Saturday, February 19, 2011

Post Mortem - the Nevada County basics

Basic background information; with minor additions Mar. 1

If you saw the joint ProPublica/CaliforniaWatch/PBS Frontline investigation Post Mortem earlier this month, on the difficulties, shortcomings and lack of oversight of death investigations in the United States, you may have wondered what the situation is like in Nevada County.

It turns out that their investigation has a local angle: Forensic Medical Group, the Northern California traveling autopsy firm that employed and then re-employed problem-plagued forensic pathologist Thomas Gill, has done autopsies for Nevada County; and some of these were done by Dr. Gill.
(Note: Dr. Gill responded to Frontline saying no problems have been reported with autopsies he's done since rejoining FMG in 2007; but this statement is contradicted by further ProPublica reporting.)

Looking into how things are done in Nevada County, what I've got so far is this:

In Nevada County, as with most California counties, cause of death is determined by the coroner, who is also the sheriff - for us, that's Keith Royal. This official need have no special qualifications for the job, since it's an elected position. The actual coroner duties are delegated to the chief deputy coroner, Paul Schmidt, Schmidt told me; and then where needed, the autopsies - which might be just an external examination, or external plus internal - are contracted out to Placer County's coroner's facilities (as are Sierra County's), where they're normally performed by Placer's board-certified forensic pathologist, Dr. Donald Henrikson. When Dr. Henrikson is unavailable - when he's "on vacation, sick or is attending training" - Forensic Medical Group's forensic pathologists cover for him.
(to forestall confusion: Forensic Medical Group and California Forensic Medical Group are two entirely different entities.)

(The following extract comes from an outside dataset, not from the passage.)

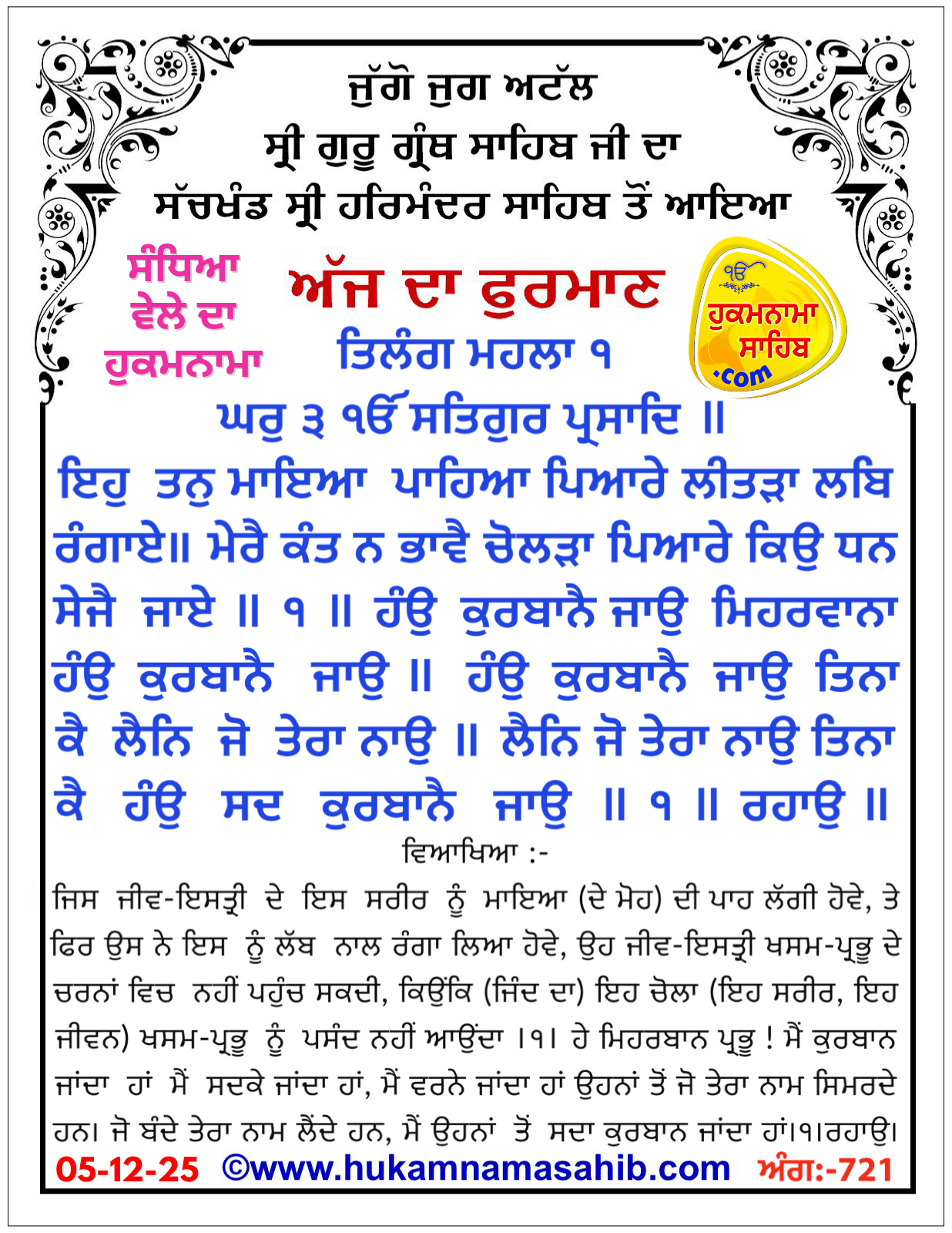 Meaning: Tilang Mahalaa 1 Ghar 3 One Universal Creator God. By The Grace Of The True Guru: This body fabric is conditioned by Maya, O beloved; this cloth is dyed in greed. My Husband Lord is not pleased by these clothes, O Beloved; how can the soul-bride go to His bed? ||1|| I am a sacrifice, O Dear Merciful Lord; I am a sacrifice to You. I am a sacrifice to those who take to Your Name. Unto those who take to Your Name, I am forever a sacrifice. ||1|| Pause || If the body becomes the dyer’s vat, O Beloved, and the Name is placed within it as the dye, and if the Dyer who dyes this cloth is the Lord Master – O, such a color has never been seen before! ||2|| Those whose shawls are so dyed, O Beloved, their Husband Lord is always with them. Bless me with the dust of those humble beings, O Dear Lord. Says Nanak, this is my prayer. ||3|| He Himself creates, and He Himself imbues us. He Himself bestows His Glance of Grace. Nanak Ji, if the soul-bride becomes pleasing to her Husband Lord, He Himself enjoys her. ||4||1||3||

I asked if Dr. Henrikson's cause-of-death determinations have been overruled by the coroner; both Henrikson and Schmidt said no, and Schmidt also said Sheriff Royal had not overruled him on cause of death.

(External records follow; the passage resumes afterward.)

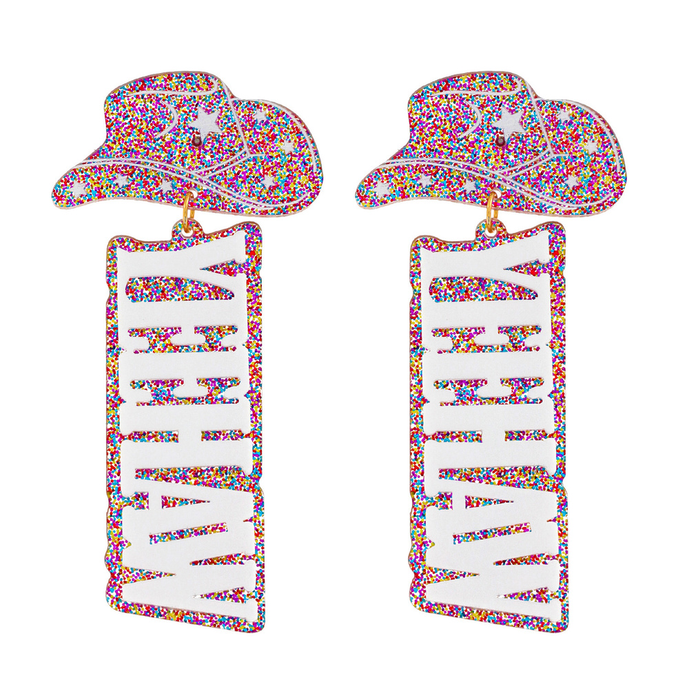 2-tier Cowboy Hat "yeehaw" Long Drop Novelty Glitter Earrings
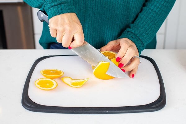 - Using a sharp paring knife, carefully peel the outside of each citrus fruit. Next, thinly slice each and lay on a large platter or plate.
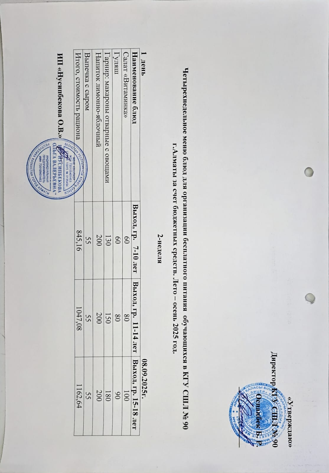 » Ас мәзірі 08.09.2025 / Меню 08.09.2025

There's a winnowing process, so that only a small fraction of county deaths undergo autopsies through the coroner system. Nevada County deputy coroner Schmidt explained that most deaths don't even come to the coroner's attention: "generally speaking, natural deaths occurring in a hospital or medical facility and/or under a hospice physician’s care are not coroner cases". He told me California law lays out the conditions under which the coroner must be notified (Health and Safety Code 102850), and also conditions for a coroner's case proper (California Government Code Section 27491 ), writing, "the Coroner...[must] inquire into and determine the circumstances, manner, and cause of sudden deaths where the attending doctor is unable to determine the cause of death or the death is the result of homicide, suicide, accidental or undetermined means....[and also] deaths where the decedent has not been seen by their physician within 20 days".

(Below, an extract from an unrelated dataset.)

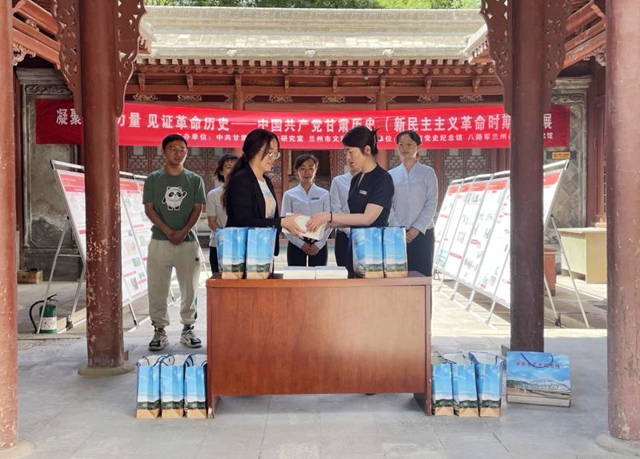 活动现场,甘肃党史纪念馆工作人员向八路军兰州办事处纪念馆捐赠了《红军长征过甘肃》《八路军驻甘办事处及抗战时期甘肃国统区党组织》《甘肃党组织的创建及其活动》《解放战争时期的中共甘肃工委》等书籍。

According to the NevCo 2005-2009 Coroner's Statistics (pdf), in 2009 the winnowing went like this: 828 deaths were reported in the county, of which a little over a third (344) were reported to the coroner. Of these, less than half (153) became actual coroner cases (a distinction I don't yet understand). Of the actual coroner cases, about a third were not autopsied. (Schmidt explains that "The only time State law requires autopsies is in cases of sudden infant death syndrome. In all other death investigations, autopsies are optional. Those cases that are not actually autopsied are subject to a review of all medical records, an external examination and toxicology or combinations thereof.") The remaining two thirds (roughly 100) were autopsied. Of these ~100 autopsies, 10 were done by Forensic Medical Group, 3 of these by Dr. Gill, according to Placer County chief deputy coroner Dennis Watt.
(I do not know which ten, or which three.)

The thrust of the Frontline investigation was that the absence of regulations on death investigators leaves room for problems - due to overwork and shortcomings in training and oversight. One improvement they suggest is accreditation - by the National Association of Medical Examiners (NAME ) or the International Association of Coroners and Medical Examiners (IACME ). "The Placer County Morgue has not accredited", Watt told me, though he notes it's hardly alone in this, saying "I believe only three counties out of 58 have requested N.A.M.E accreditation."
(Watt is a member of the California State Coroners Association. (link) )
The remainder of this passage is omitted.